### What the task asks
When you reach the line containing "一个代表着 Shrine 品牌的配色方案已经创建好了。设计师希望你在" in the records below, set it down exactly, together with every later line through the end, but not the pictures.

### Material for this task

--- START ---

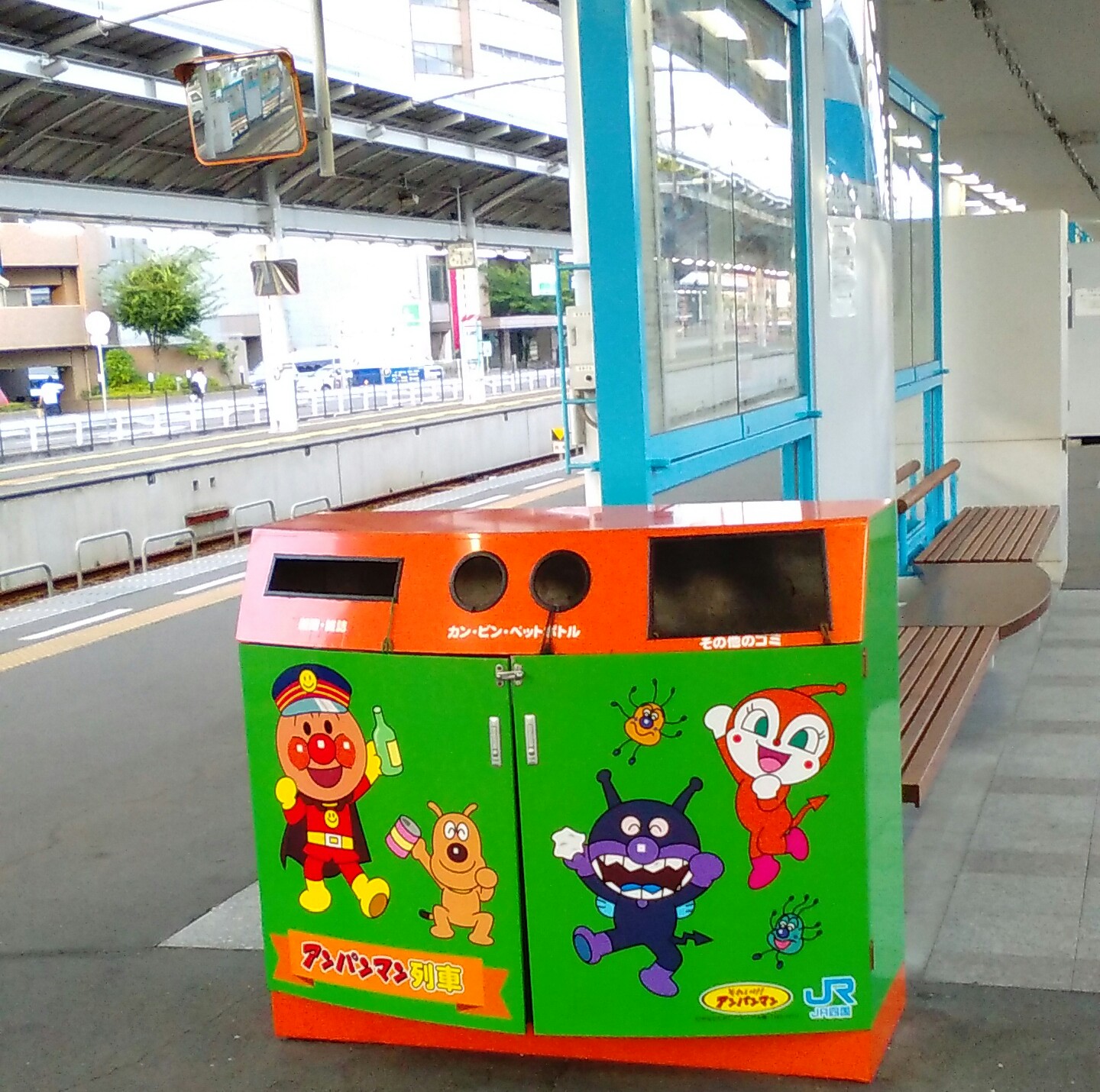高松駅ホームのゴミ箱もアンパンマン。
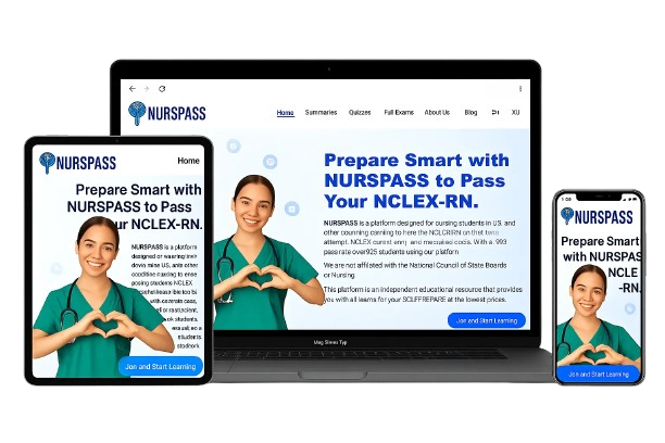 NURSPASS is a platform designed for nursing students in the U.S. and other countries seeking to pass the NCLEX-RN on their first attempt. Access summarized content, NCLEX-style exams, and interactive tools. With a 98% pass rate,over 25 855 students have trusted our platform.
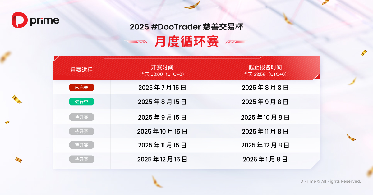 在 2025 #DooTrader 慈善交易杯首轮比赛收官之际,第二轮月赛也正式拉开帷幕!四大国际赛区正式同步开放,大赛面向全球交易者发出挑战邀约。现在加入,争夺丰厚奖金,赢得属于您的高光时刻 >>>>>>点击此处立即报名参赛
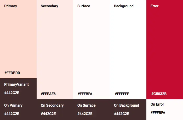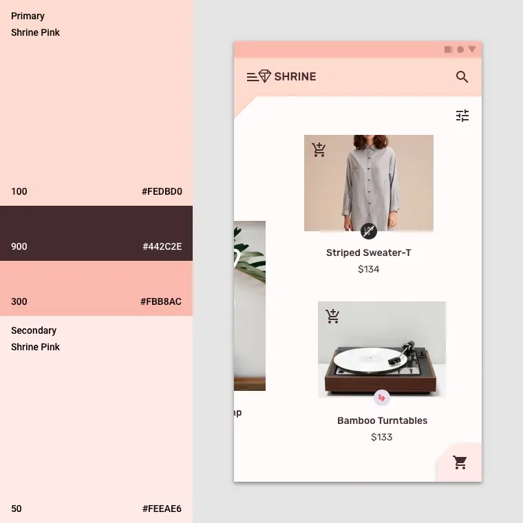 一个代表着 Shrine 品牌的配色方案已经创建好了。设计师希望你在 Shrine 应用中实现这个配色方案。
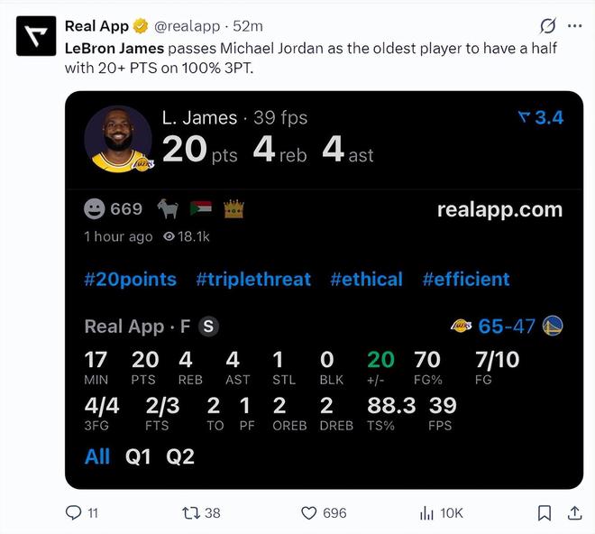 此役詹姆斯创造多项纪录:1.超越乔丹成为上半场三分命中率100%且拿20+最年长的球员;
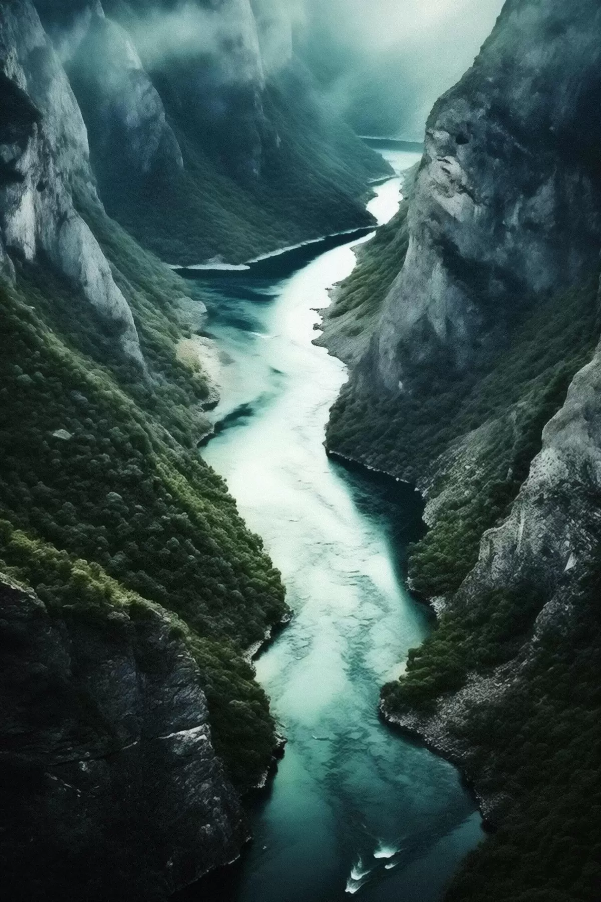 Poster Estrecho desfiladero con una corriente turquesa desde arriba. f46522
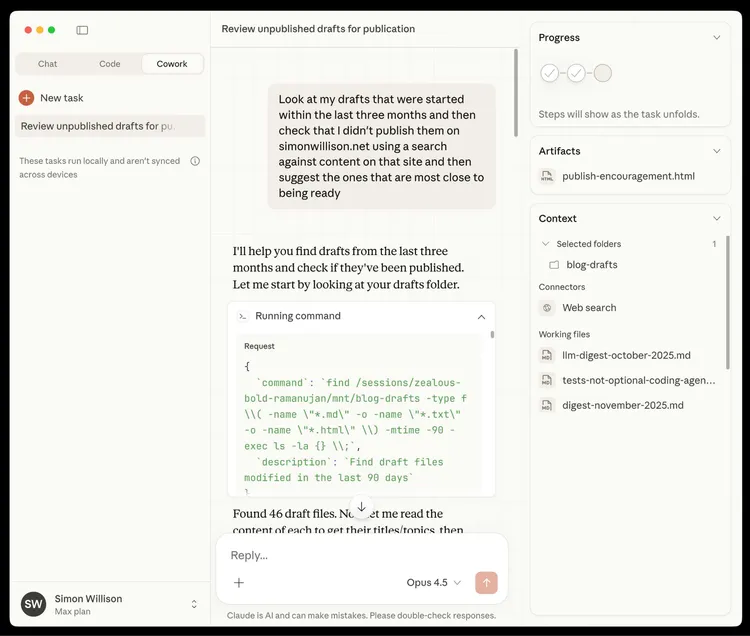 Simon Willison自己也做了个实验。他没让Claude写代码,让它检索自己博客三个月内的草稿,确认哪些还没发布过,然后推荐最接近完成的几篇。Claude执行了44次独立搜索,最后给出了排序建议。

--- END ---

### Reply
 一个代表着 Shrine 品牌的配色方案已经创建好了。设计师希望你在 Shrine 应用中实现这个配色方案。
 此役詹姆斯创造多项纪录:1.超越乔丹成为上半场三分命中率100%且拿20+最年长的球员;
 Poster Estrecho desfiladero con una corriente turquesa desde arriba. f46522
 Simon Willison自己也做了个实验。他没让Claude写代码,让它检索自己博客三个月内的草稿,确认哪些还没发布过,然后推荐最接近完成的几篇。Claude执行了44次独立搜索,最后给出了排序建议。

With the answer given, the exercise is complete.